MIAMI (AP) — A federal grand jury in Miami has charged the Venezuelan co-founder of a voting machine company targeted by allies of former President Donald Trump with paying more than $1 million in bribes to officials in the Philippines in exchange for contracts it won overseeing the island nation’s elections nearly a decade ago.

The Justice Department in a statement Thursday said Roger Pinate and a colleague at Boca Raton, Florida-based Smartmatic funneled bribes to the chairman of the Philippines’ electoral commission through a slush fund created by overcharging for the cost of each voting machine it supplied authorities. The payments, between 2015 and 2018, were made to obtain business with the Philippines and secure the timely payment for their work, the Justice Department said.

To hide the corrupt payments to Juan Donato Bautista, the former chairman of the Commission on Elections in the Philippines, the co-conspirators allegedly created a slush fund — codenamed the “Philippines Pot,” according to investigators — and sham loan agreements to justify transfers to bank accounts located in Singapore, Europe and the United States.

The investigation of the Smartmatic executives began in 2017, when the wife of Bautista informed investigators in the Philippines that her husband had obtained $20 million in unexplained wealth, some of it in stacks of cash found at their home.

Bautista was indicted last year in Miami in a criminal complaint that accuses him of taking the bribes in exchange for awarding an unnamed company nearly $200 million in contracts to supply tens of thousands of voting machines and related services for the 2016 presidential elections.

Smartmatic in a statement said it had placed the two employees on leaves of absence, effective immediately.

“No voter fraud has been alleged and Smartmatic is not indicted,” the company said in a statement. “Voters worldwide must be assured that the elections they participate in are conducted with the utmost integrity and transparency.”

Pinate co-founded Smartmatic more than two decades ago and its initial success is partly attributable to major contracts from the government of Hugo Chavez, an early devotee of electronic voting, in Pinate’s native Venezuela. It has since expanded globally and helped carry out elections in 25 countries, from Argentina to Zambia as well as several European countries.

Pinate and Jorge Miguel Vasquez were each charged with one count of conspiracy to violate the Foreign Corrupt Practices Act, which carried a maximum penalty of five years in prison. Both reside in south Florida. Along with Elie Moreno, a dual citizen of Venezuela and Israel, they were also charged with several money laundering charges that carry a maximum penalty of 20 years.

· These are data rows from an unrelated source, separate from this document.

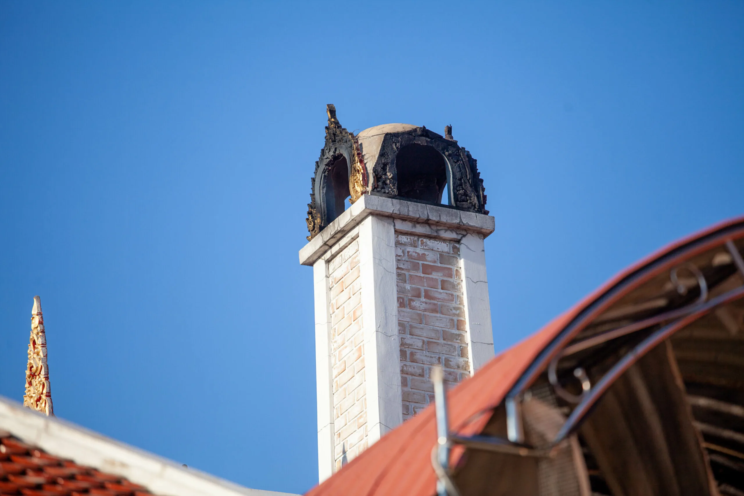 พระครูปลัดสิทธิวัฒน์ หลวงพี่น้ำฝน เจ้าอาวาสวัดไผ่ล้อม เผยว่า สถานการณ์การเสียชีวิตของผู้ที่ติดเชื้อไวรัสโควิด-19 จากตัวเลขมียอดผู้เสียชีวิตสะสมแล้วเกือบ 300 คน โดยที่วัดไผ่ล้อมได้มีการเผาศพทุกวันไม่มีวันหยุด ซึ่งปกติจะเผาอยู่ที่ 2 ศพก็ได้เพิ่มยอดการเผาเป็น 3 ศพ กระทั่งไม่นานมานี้ขณะที่กำลังทำการเผาศพผู้เสียชีวิตที่ติดเชื้อไวรัสโควิด-19 ได้เกิดเสียงดังตูมสนั่นเหมือนกับมีอะไรระเบิดบนหลังคาเมรุ ซึ่งทั้งพระและเจ้าหน้าที่ต่างตกใจเนื่องจากคิดว่ามีอะไรระเบิด เมื่อไปสำรวจโดยรอบก็พบว่าแป้นปูนที่เป็นลายกนกบนยอดเมรุ ได้พักพังตกลงมาบนหลังคาโชคดีที่ไม่ทะลุลงมาโดนศรีษะพระสงฆ์และคนที่อยู่ภายในงาน
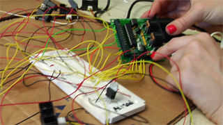 Coloque los cables de los sensores en los canales correspondientes de la placa. Utilice los cables de puente para conectar los cables amarillos para el MidiTron. Ahora conecte la fuente de alimentación para el MidiTron. Luego, usando los cables de un puente, conectar el MidiTron al canal vertical de tu protoboard.
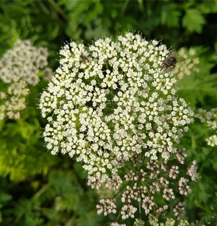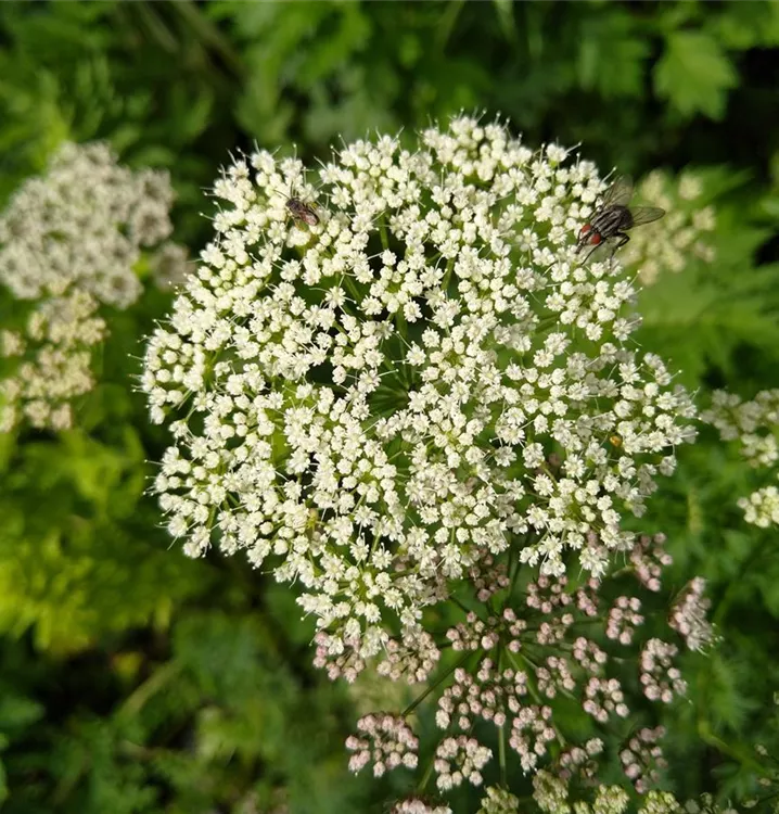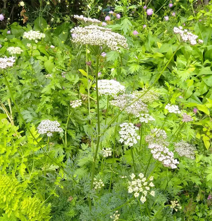 Die Heilwurz ist keine sehr langlebige Pflanze: Sie steckt alle Kraft in die Ausbildung reich verzweigter Stängel und strahlend weißer Blütenstände. Lässt man die Samen zur Reife kommen, erhält sich die Pflanze aber zuverlässig durch Selbstaussaat am Standort. Besonders schön sind größere Gruppen der Heilwurz in wiesenartigen Flächen, z.B. zusammen mit Centaurea scabiosa (Skabiosen-Flockenblume) und Anthemis tinctoria (Färber-Hundskamille) . Hier setzt sie auch schon vor der Blüte mit ihrem zerteilten, fiederschnittigen Laub wirkungsvolle Akzente. Die leuchtenden Doldenblüten der Heilwurz werden von einem aufrechten, dunkelroten Stängel getragen und scheinen über den sattgrünen, grundständigen Blattschöpfen zu schweben. Sie sind den Sommer über Tummelplatz für zahlreiche kurzrüsselige Insekten, die leicht an den offen liegenden Nektar gelangen können. Gedeiht auch gut im Schotterbeet.

Smartmatic sued Fox News for airing false claims that software it developed altered the outcome of the 2020 US presidential election. In April, another conservative media outlet, One America News Network, settled with Smartmatic similar allegations for undisclosed terms.

Reportedly funding Smartmatic’s costly defamation suit is LinkedIn co-founder Reid Hoffman, who did not immediately respond to a request for comment about the indictment against the Smartmatic executives.

Smartmatic has also sued several Trump allies, including his personal attorney, Rudy Giuliani, but the claims against him are on hold while his bankruptcy case plays out.

Fox News earlier tried unsuccessfully to get dismissed out of the case, which also named hosts Maria Bartiromo and Jeanine Pirro and former host Lou Dobbs. An appeals court threw out claims against network parent Fox Corp., but Smartmatic refiled them.

Fox countersued under a New York law against lobbing frivolous litigation to try to silence reporting or commentary on public matters. Smartmatic tried in vain to get those counterclaims tossed out.